In short, the PLA resume doesn’t care about when you worked where. It cares about what you know.
It’s organized in a table that can be (get this) several pages long! It has 4 columns: Expertise, Source of Learning, Accomplishment, and Dates. Here’s a quick breakdown of each section, with a little insight.
Column 1: Skills, Expertise, or College-level Learning Area, the most prominent column, lists the skills you’ve learned through your experience. Skills in this column might be big-picture things like Communication, Teamwork, Safety, Problem-Solving, and other terms along these lines. You can actually focus your PLA resume on the specific skills taught in the courses you’re challenging. Just organize your PLA resume by skills that speak right to those Course Outcomes. Nifty!

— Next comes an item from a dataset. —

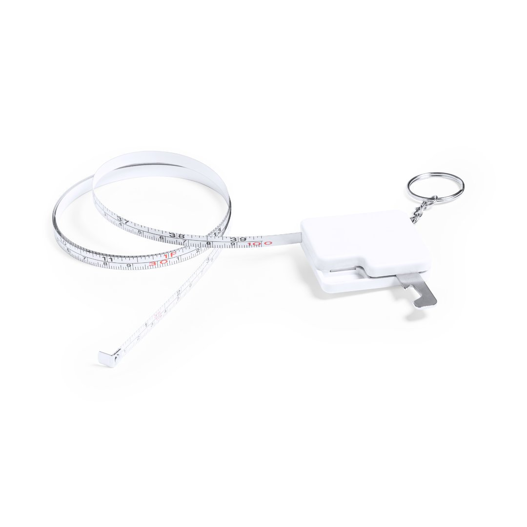 Flexómetro 1 m en resistente ABS blanco, con abridor metálico integrado en cuerpo. Con amplia superficie de marcaje y anilla metálica cromada. Hoja con medidas en centímetros y pulgadas

Column 2: Source of Learning, the next column, lists the experience where you learned that Expertise (through a job, travel, stay-at-home parenting, self-study, whatever it is). This is one advantage of the PLA resume, that all experiences count towards learning. It might be considered a gap in your traditional resume, but on the PLA resume it becomes a source of knowledge.
Further, with the PLA resume you can highlight a skill that might not be associated with a particular experience. Say that someone owned a small outdoor expedition company. Many would instantly think they’d have expertise in Survival and Safety, but they’d also know Marketing, Communications, Teamwork, and many other skills that are built in to that experience but not apparent at first glance. Here’s your chance to highlight the work you actually did in your experiences, rather than what people assume.
Column 3: Learning Experience, Duty, Achievement, or Activity in the next column is a chance for you to tell your reviewer what you did to gain that Expertise in column 1. Rather than a traditional resume where all job duties are lumped together, here you can list specific projects you completed, things you managed, widgets you created or collaborated on, groups you led, and so forth.
Column 4: Dates is where you list the timeframe for the learning of this Expertise with each Source of Learning. PLA resumes don’t care about the order of learning–you can have years or decades between learning. This column is there to benefit you by showing how many cumulative years, and how much timespan, you’ve been learning this Expertise.
As we prepare to write your PLA resume, let’s consider an example of how experience might be translated onto the PLA resume:
Perhaps an apprentice plumber worked on a team in constructing a subdivision, then left to be an independent contractor for a decade. After all that experience, she joined a Plumbing Supply company as a manager. So she may list Teamwork as an Expertise, which she learned about as an apprentice and again as a manager, but with a ten-year gap while she worked alone. PLA resumes doesn’t care about that gap; it shows she’s had two long stints working with others as part of a team, and that’s what counts.